Personal information
- Full name: Elizabeth Olive Rowley
- Born: 6 May 1949 (age 77)
- Height: 1.75 m (5 ft 9 in)

Netball career
- Playing positions: C, WA, WD
- Years: National team / Caps
- 1967–1969: New Zealand / 1

Medal record
Representing New Zealand
World Netball Championships
| Gold medal – first place | 1967 Perth | Tournament |

= Elizabeth Rowley (netball) =

New Zealand netball player

Elizabeth Olive Rowley (born 6 May 1949) is a former New Zealand netball player. She was a member of the New Zealand team at the 1967 World Netball Championships, when New Zealand won the tournament for the first time.

==Early life==
Rowley was born on 6 May 1949, the daughter of Helen Fay Rowley (née Scott) and Rewi Thomas Graham Rowley who farmed in the Clifden area of Southland.

==Netball career==
Rowley first played representative netball for Southland when she was 16 years old.

After the 1966 national championships, Rowley was one of 21 players named as trialists for the national team to travel to the 1967 World Netball Championships in Perth. She was duly selected after the trials held in March 1967, and was the youngest member of the squad. At the tournament, Rowley only played in one match, in the mid-court against Singapore.

The 1967 world championship team was inducted into the New Zealand Sports Hall of Fame in 1996.

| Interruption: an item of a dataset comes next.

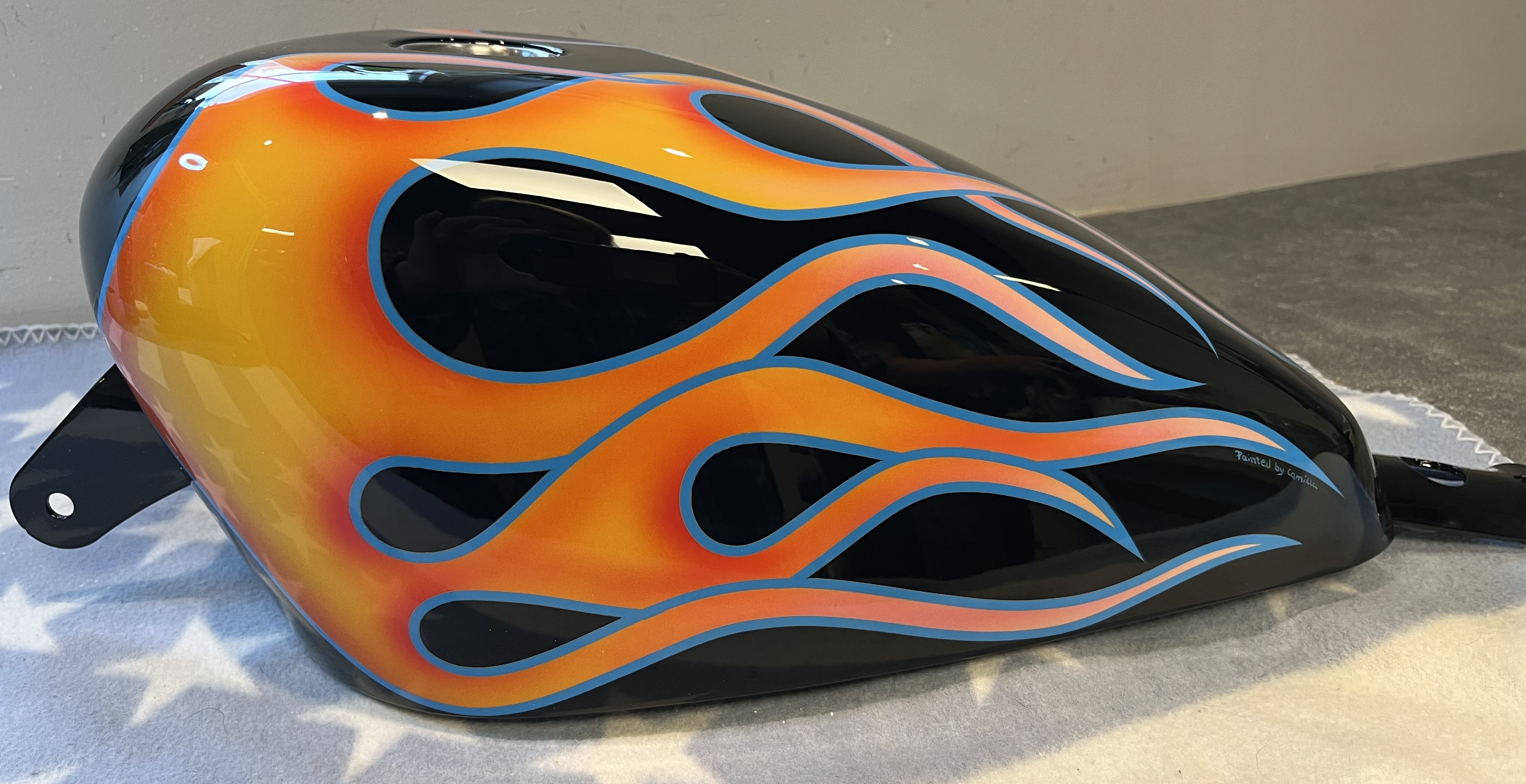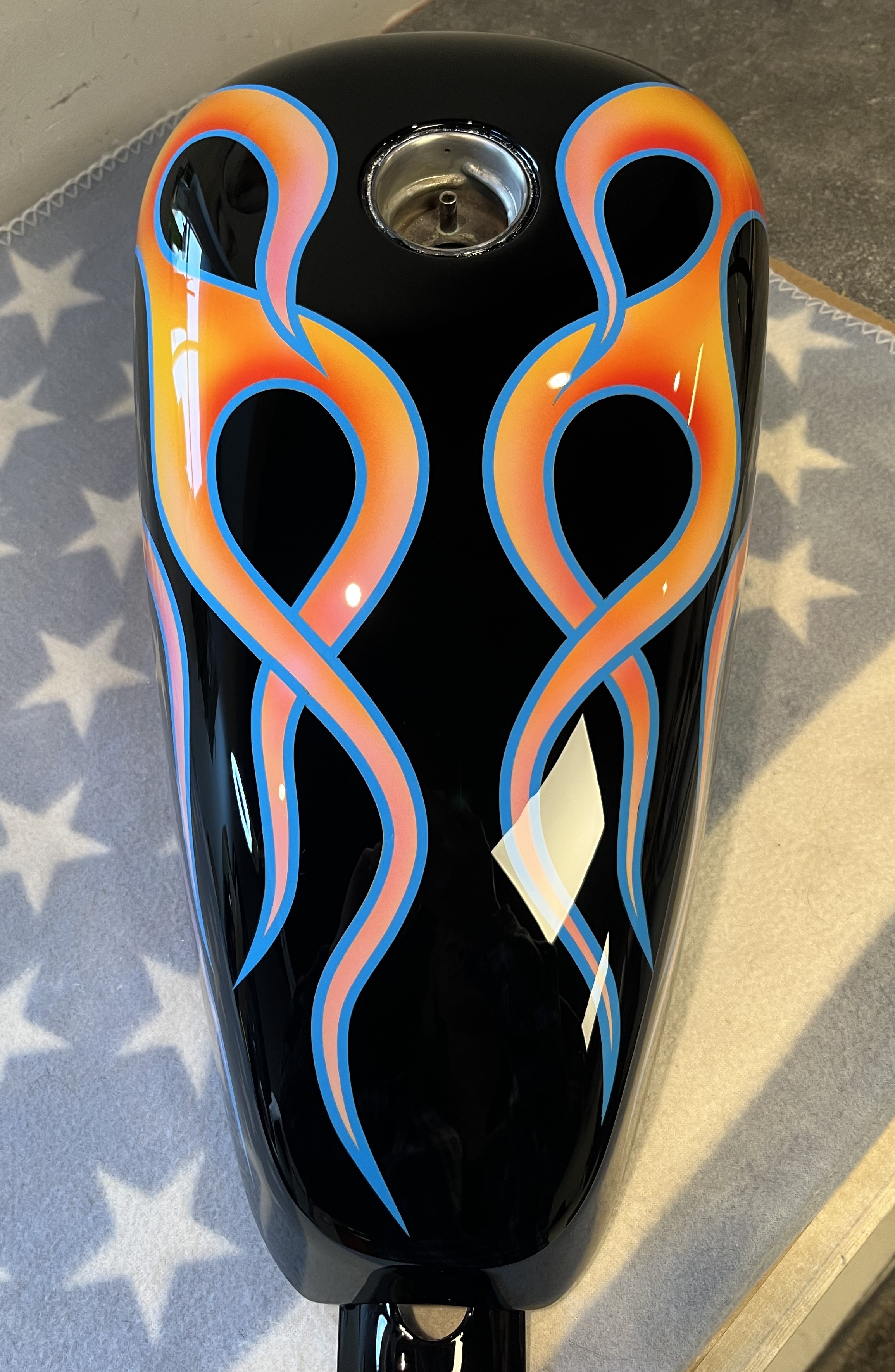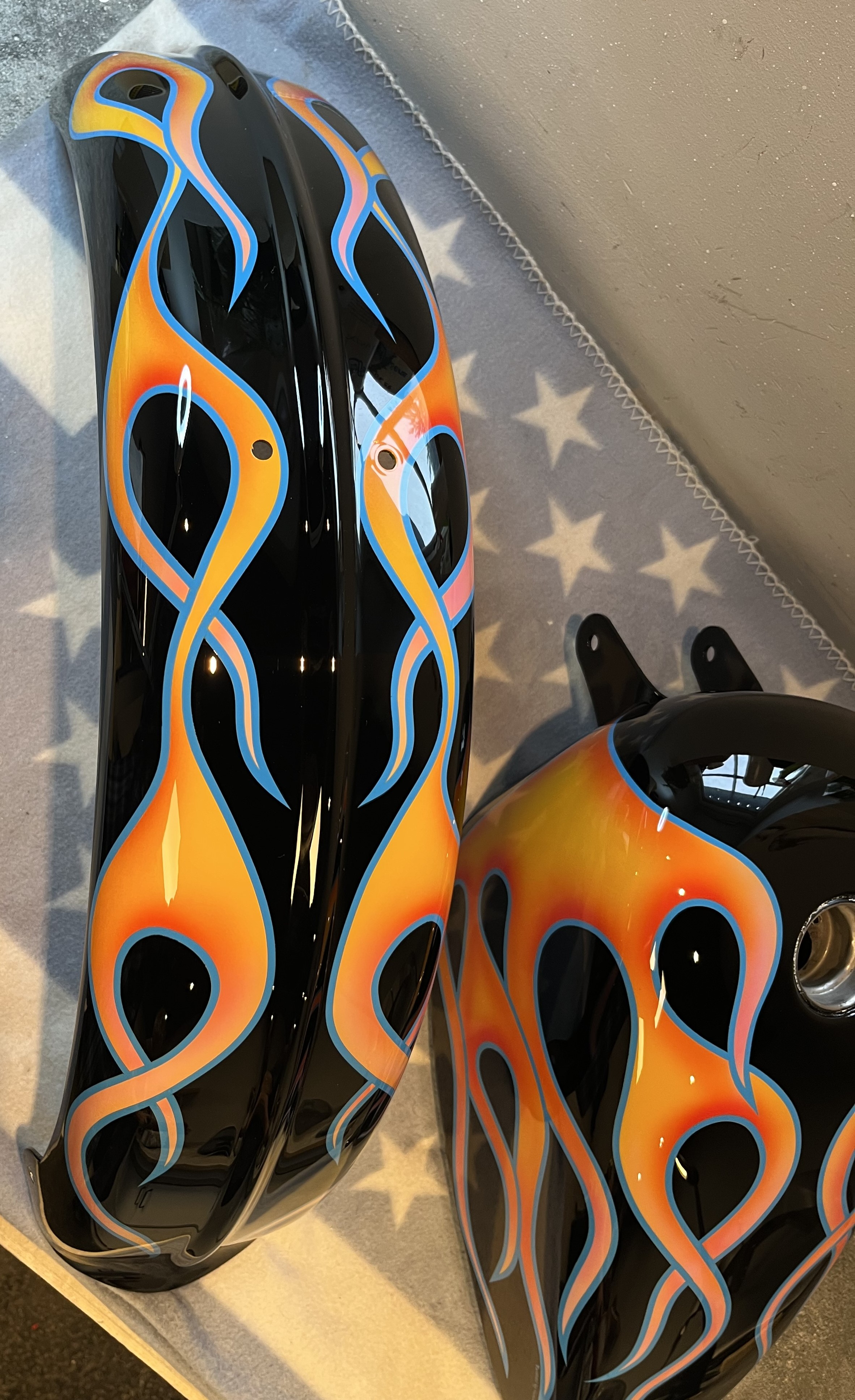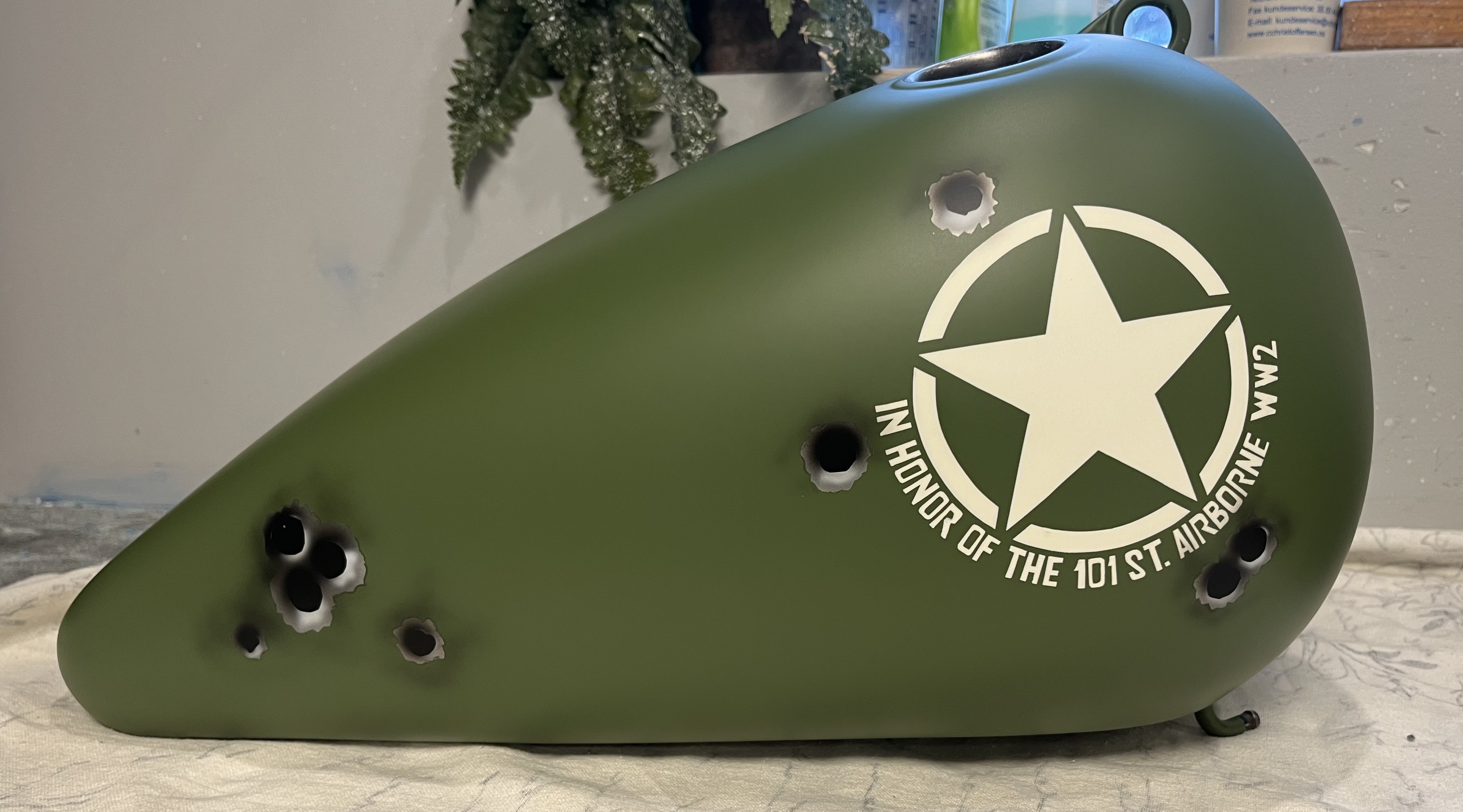 Her er enkeltmotiver samt forskjellige flammer, tekster osv jeg har laget. Alt etter kundens ønsker og blir laget for hånd. Det er utfordrende å ta bilde for å prøve å unngå gjenskinn så enkelte bilder ser kanskje litt feil ut.

Rowley moved to Christchurch in 1967 to study to become a dental nurse, and played for the Hagley club. The following year, she was selected to be a Canterbury representative player. Rowley graduated from the School for Dental Nurses in February 1969, and she returned to Southland.

In June 1969, Rowley was a surprise selection in the national squad chosen to play two tests against the touring Australian team. She had initially been omitted from the trials, but was included as she had been a member of the 1967 team to Australia, although her play on that tour was described as being "extremely disappointing". Subsequently, she did not appear in either of the two tests.

==Later life==
In 1971, Rowley married Timothy Colin Story, who farmed Venlaw Station, east of Edendale, in partnership with his brother. She later lived in Coromandel, and Queenstown. She participated in the 1988 Golden Oldies World Netball Festival in Brisbane, playing in a team alongside Robyn Broughton and Elva Simpson.